* [REQUIRED WORK]
Skip pictures in the listing below; copy exactly the lines from the one with "by L. Afanasyev." through the one with "Headquarters of Musashi", inclusive.

* [DATA PROVIDED]
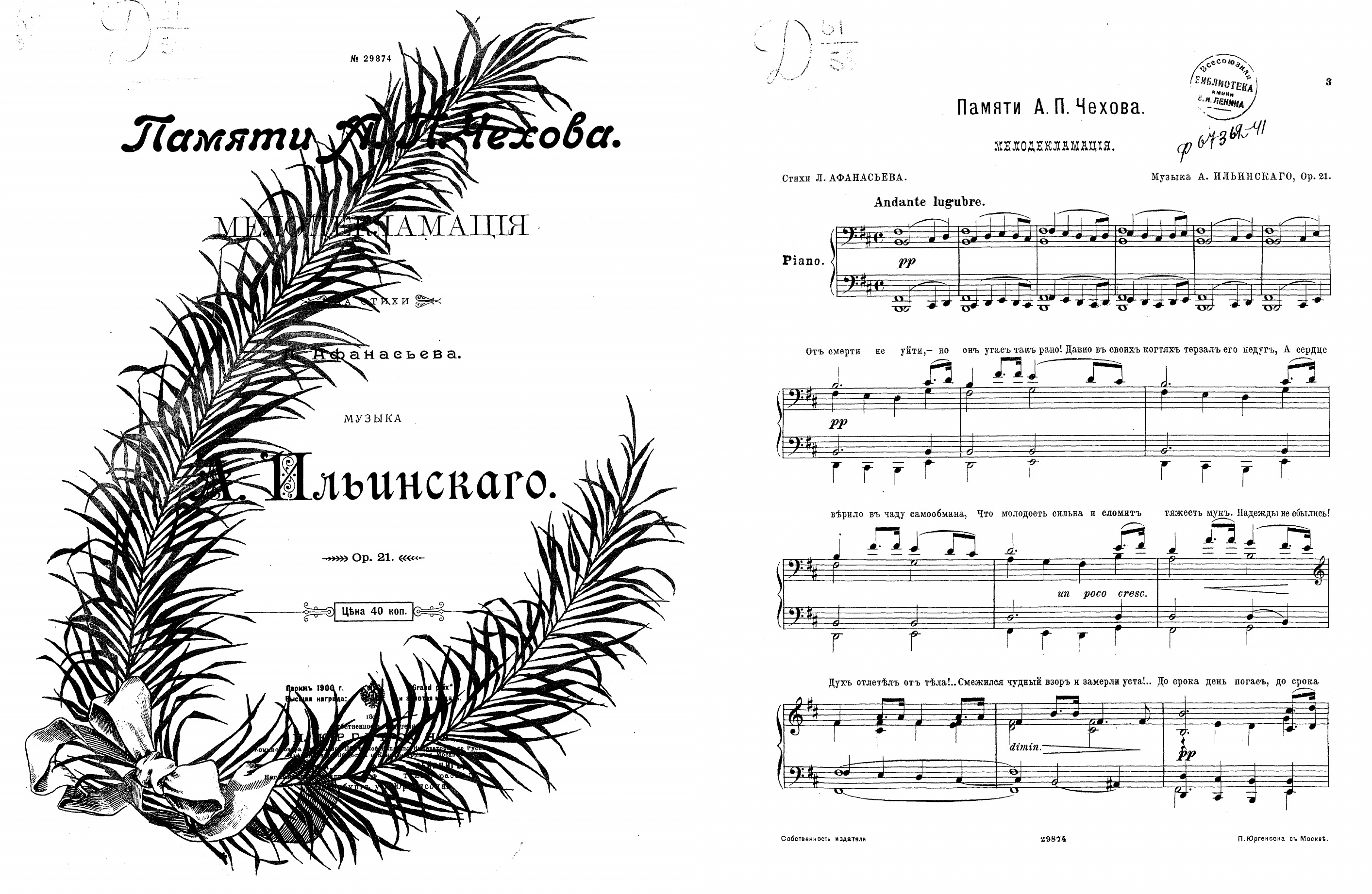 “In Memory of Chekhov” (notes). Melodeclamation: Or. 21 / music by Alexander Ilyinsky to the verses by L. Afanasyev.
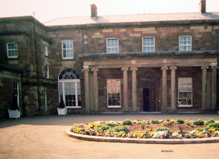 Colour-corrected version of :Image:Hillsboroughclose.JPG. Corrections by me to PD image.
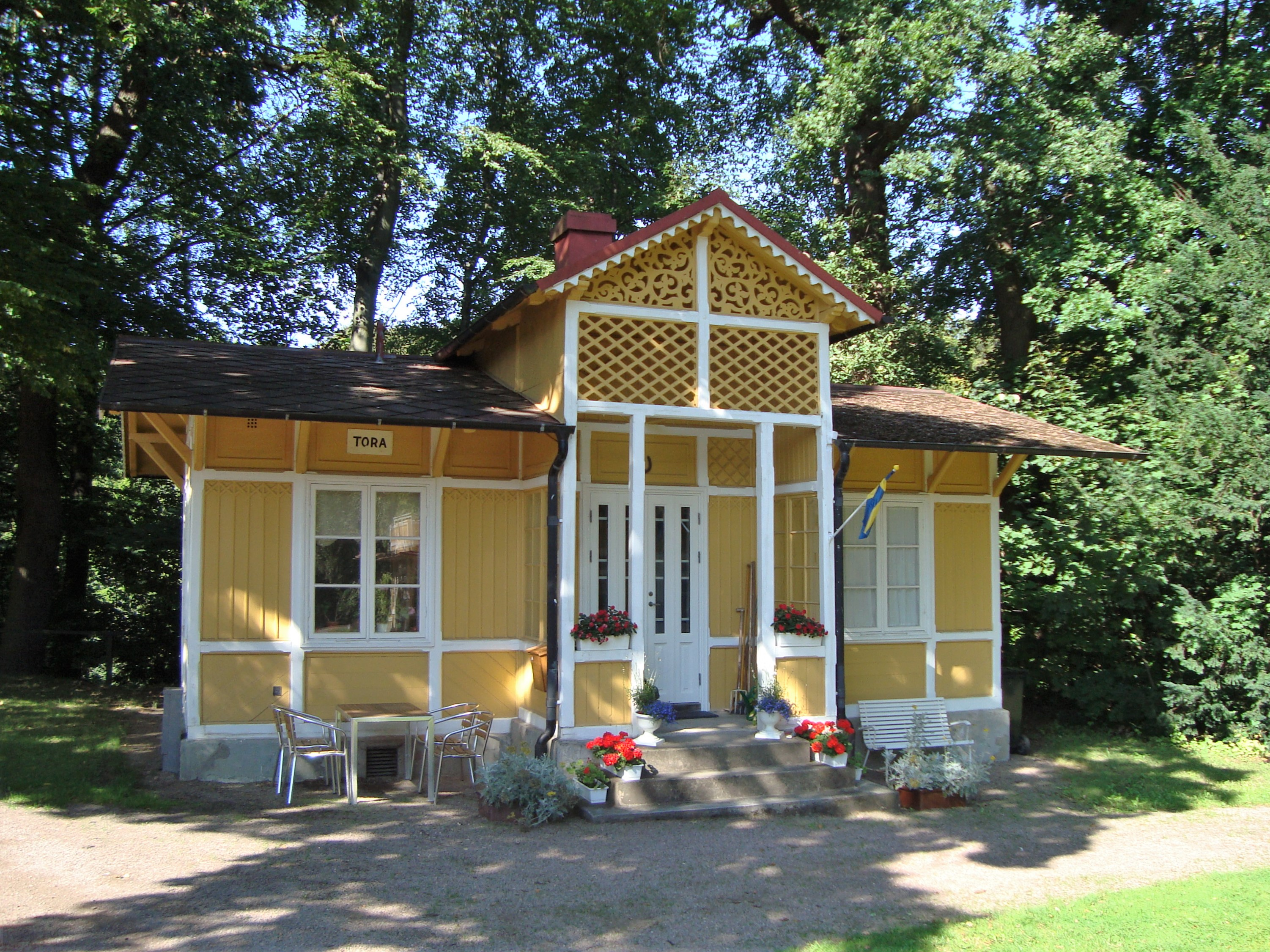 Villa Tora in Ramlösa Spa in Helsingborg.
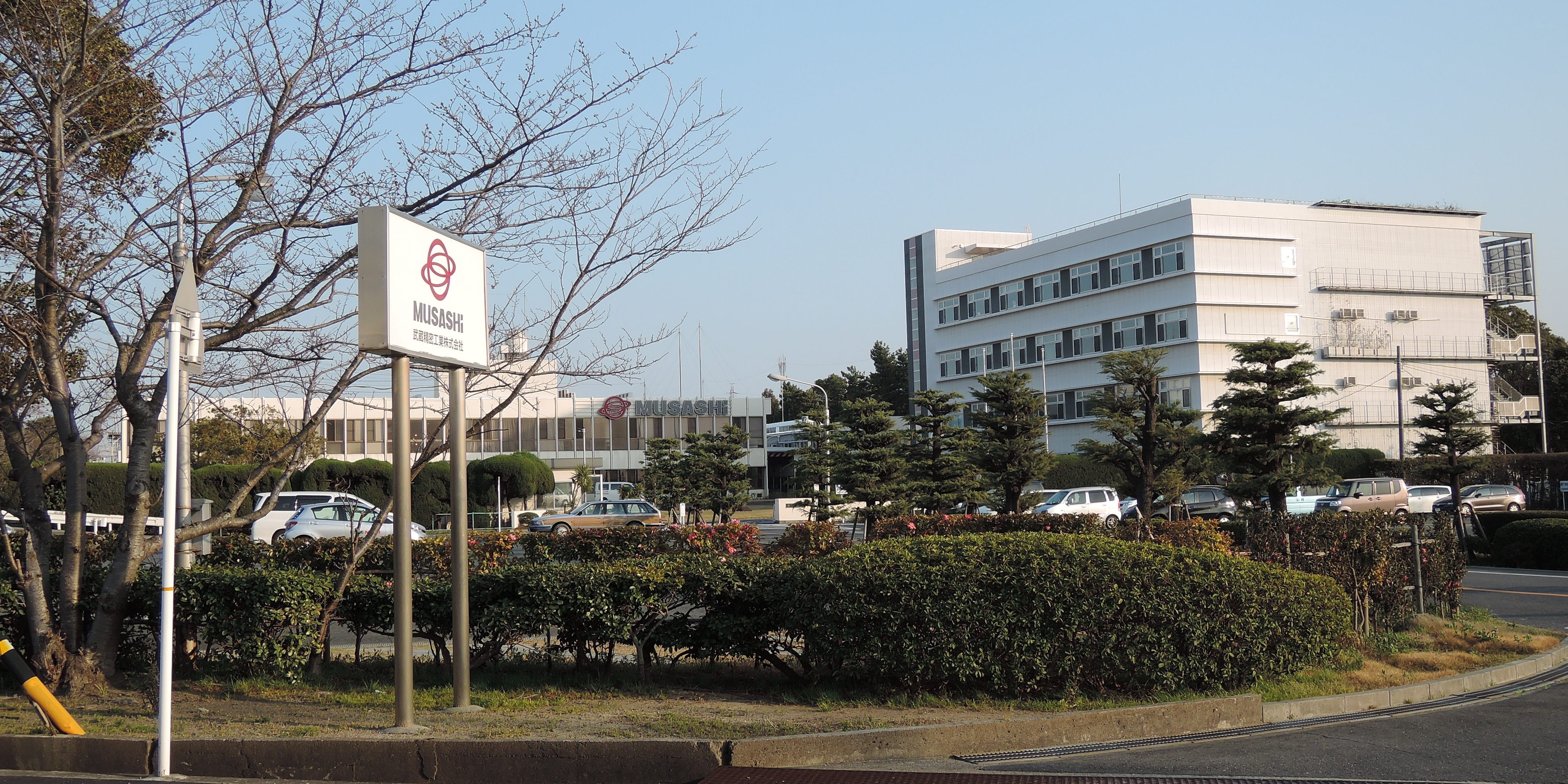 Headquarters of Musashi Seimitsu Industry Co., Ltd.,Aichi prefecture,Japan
* * *
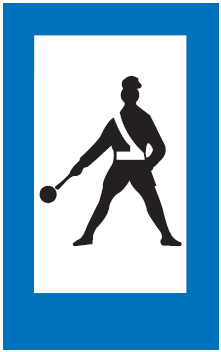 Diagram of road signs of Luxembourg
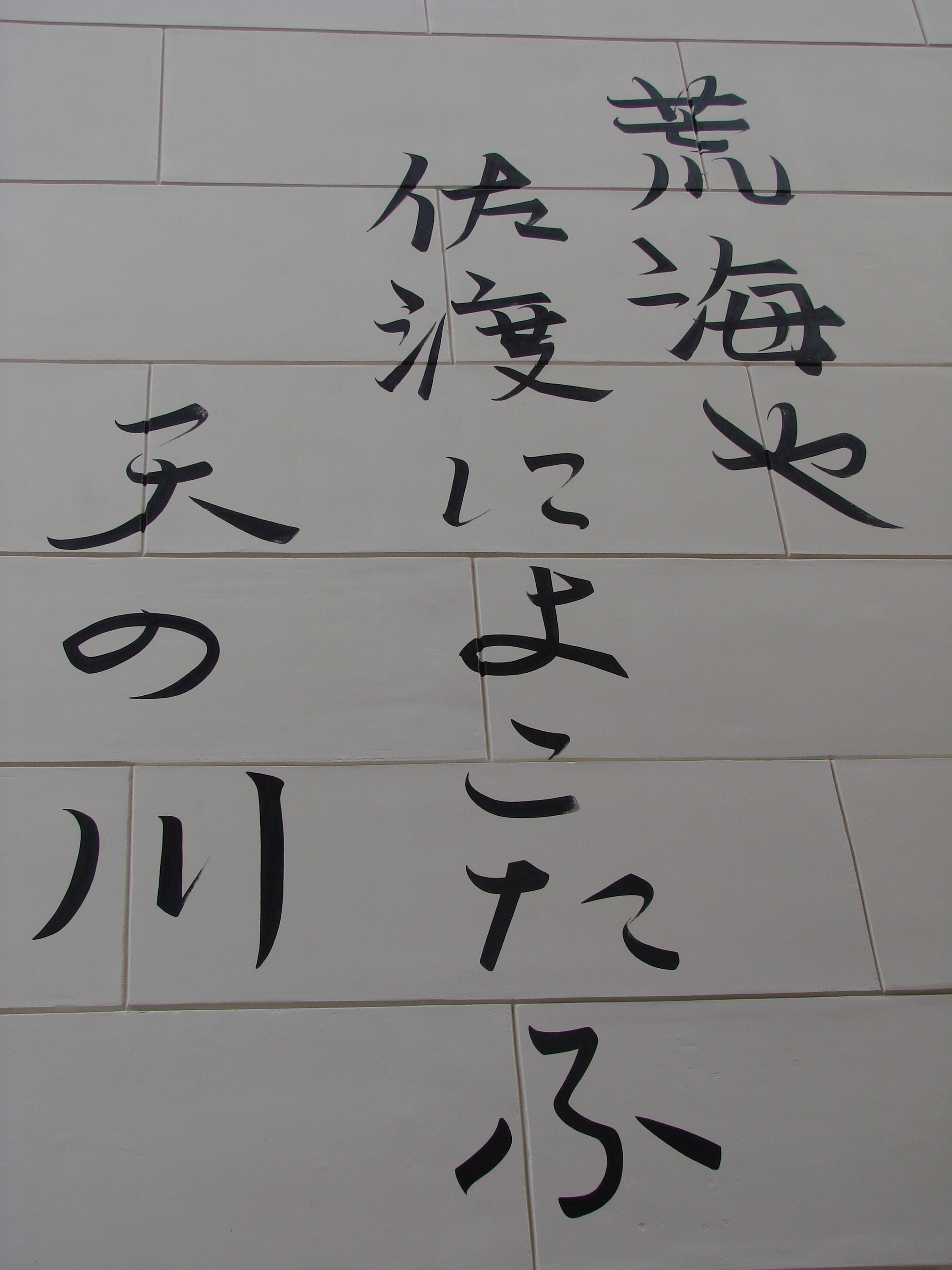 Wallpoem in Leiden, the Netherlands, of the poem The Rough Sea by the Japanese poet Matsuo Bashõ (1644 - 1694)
--
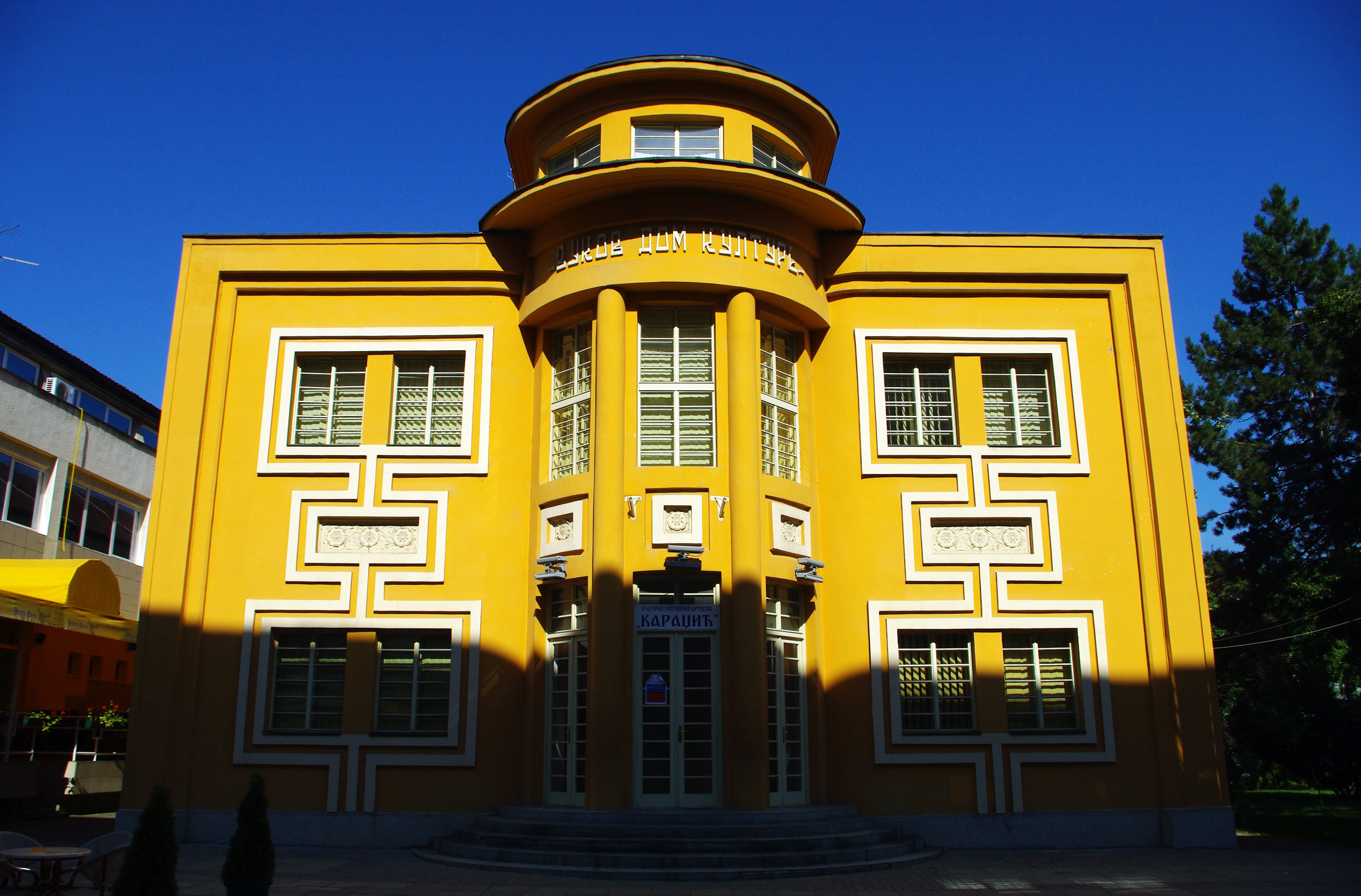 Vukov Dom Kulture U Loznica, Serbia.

* [RESPONSE TO THE EXERCISE]
 “In Memory of Chekhov” (notes). Melodeclamation: Or. 21 / music by Alexander Ilyinsky to the verses by L. Afanasyev.
 Colour-corrected version of :Image:Hillsboroughclose.JPG. Corrections by me to PD image.
 Villa Tora in Ramlösa Spa in Helsingborg.
 Headquarters of Musashi Seimitsu Industry Co., Ltd.,Aichi prefecture,Japan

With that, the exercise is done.